According to Jay Privman of the Daily Racing Form, the win will "undoubtedly" make British Idiom the Champion Two-Year-Old Filly of 2019.

==Retirement==

After finishing unplaced in the 2020 Fantasy Stakes, it was revealed that British Idiom had sustained an injury to her right-front ankle. She was sold to Northern Farm in Japan to commence her broodmare career.

It was reported in early 2022 that British Idiom had died at Northern Farm on the 1 October 2021. No cause of death was mentioned however she was in foal at the time to Japanese stallion Duramente.

==Statistics==

| Date | Distance | Race | Grade | Track | Odds | Field | Finish | Winning Time | Winning (Losing) Margin | Jockey | Ref |
2019 – Two-year-old season
| Aug 15, 2019 | 6 furlongs | Maiden Special Weight |  | Saratoga | 3.50* | 10 | 1 | 1:10.01 | 3+1⁄2 lengths | Javier Castellano |  |
| Oct 4, 2019 | 1+1⁄16 miles | Alcibiades Stakes | I | Keeneland | 3.60 | 11 | 1 | 1:45.80 | 6+1⁄2 lengths | Javier Castellano |  |
| Nov 1, 2019 | 1+1⁄16 miles | Breeders' Cup Juvenile Fillies | I | Santa Anita | 2.70 | 9 | 1 | 1:47.07 | neck | Javier Castellano |  |
2020 – Three-year-old season
| Feb 15, 2020 | 1+1⁄16 miles | Rachel Alexandra Stakes | II | Fair Grounds | 0.90* | 7 | 2 | 1:43.97 | (4+3⁄4 lengths) | Javier Castellano |  |
| May 1, 2020 | 1+1⁄16 miles | Fantasy Stakes | III | Oaklawn Park | 4.20 | 14 | 10 | 1:42.00 | (19 lengths) | Javier Castellano |  |

An asterisk after the odds means British Idiom was the post-time favorite.

==Pedigree==

British Idiom is inbred 4 × 4 to Pleasant Colony, meaning this stallion appears twice in the fourth generation of her pedigree.

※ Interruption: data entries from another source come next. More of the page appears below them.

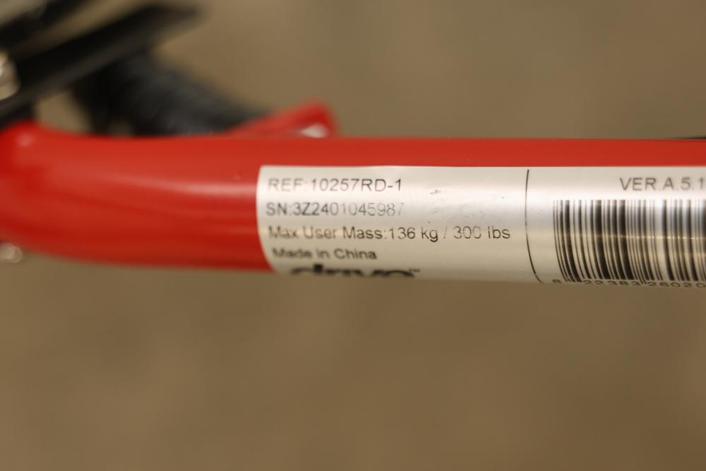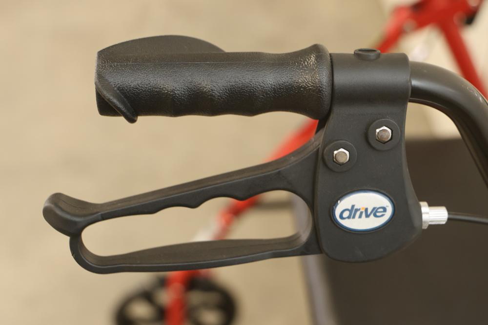 Drive 10257RD-1 Medical Rollator Walker with Seat and Underseat Storage Bag. Height adjustable, foldable, and features a durable steel frame. Finished in red, it supports up to 300 lbs. The seat measures approximately 12 inches wide, and the height ranges from approximately 31 to 35 inches. Pickup only.
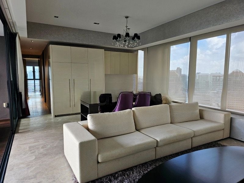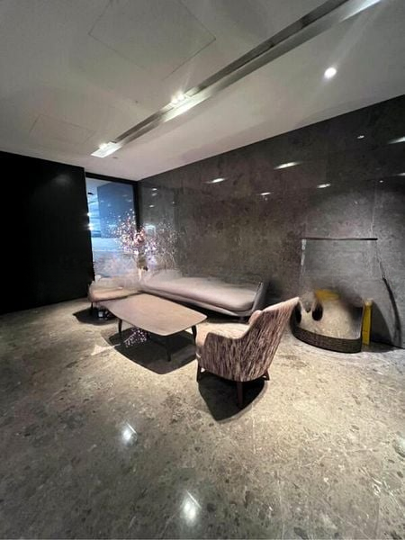 Step into a world of elegance and tranquility as you enter this beautifully renovated unit at OUE Twin Peaks. The abundant natural light floods the space through floor-to-ceiling windows, offering breathtaking panoramic views of the city skyline and lush greenery. The modern minimalist design, complemented by light wood flooring and a textured area rug, creates an inviting ambiance that feels both luxurious and comfortable.
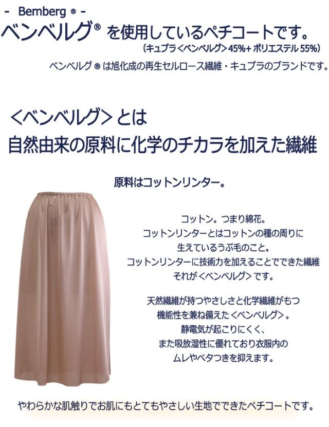 静電気防止 ベンベルグ使用 ロングペチコート 65丈/70丈/75丈/80丈/85丈【キュプラ ペチコート ロング ワンピース 帯電防止 浴衣 着物 和装 敏感肌】

Pedigree of British Idiom, filly, March 23, 2017
| Sire Flashback 2010 | Tapit 2001 | Pulpit | A.P. Indy |
Preach
| Tap Your Heels | Unbridled |
Ruby Slippers
| Rhumb Line 2000 | Mr. Greeley | Gone West |
Long Legend
| Rose Rhapsody | Pleasant Colony |
Rosy Spectre
| Dam Rose and Shine 2009 | Mr. Sekiguchi 2003 | Storm Cat | Storm Bird |
Terlingua
| Welcome Surprise | Seeking the Gold |
Weekend Surprise
| Yellowenglishrose 1996 | Colonial Affair | Pleasant Colony |
Snuggle
| Princess Baja | Conquistador Cielo |
Miss Baja (family: 23-b)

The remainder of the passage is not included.